No Matter the Cause once trauma occurs this is what needs to happen
The body can respond to trauma in many ways. Trauma continues to intrude with visual, auditory, and/or other somatic reality. Again and again, a person will relive the life-threatening experiences they have suffered, reacting in mind and body as though such events were still occurring.
Similarly, emotions may manifest as physical pain – sometimes in parts of the body that were not involved in the trauma.
“Traumatized people chronically feel unsafe in their bodies; the past is alive in the form of gnawing interior discomfort,” writes psychiatrist Bessel van der Kolk, MD, in The Body Keeps the Score: Brain, Mind, and Body in the Healing of Trauma.
“Their bodies are constantly bombarded by visceral warning signs, and, in an attempt to control these processes, they often become expert at ignoring their gut feelings and in numbing awareness of what is played out inside. They learn to hide from themselves.”
As a result, trauma lives on in our minds and bodies. The conscious mind may forget the original episode, but the ANS (autonomic nervous system) remembers. Some sufferers live as if the pain were constantly occurring, enduring a continual cycle of emotional and physical pain.
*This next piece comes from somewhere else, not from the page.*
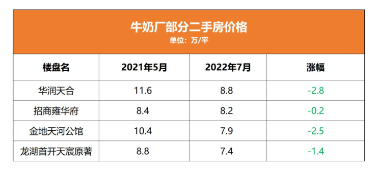 然而非中心区的市场却是另一种场景,去年扬言房价要“破8冲10”的牛奶厂板块,今年可谓凉意十足,有楼盘二手价格已经回到7字头,成交量也稀少。

Other trauma victims may experience discomfort only under certain circumstances: The sound of fireworks might affect a veteran of wartime deployment; physical contact might scare a survivor of sexual assault; rolling over in bed into a position that mirrors his or her posture after a collision might traumatize someone injured in a car accident.
In each instance, the body is primed to react long after the original threat has passed.
No matter the cause, once trauma occurs, processing it is critical.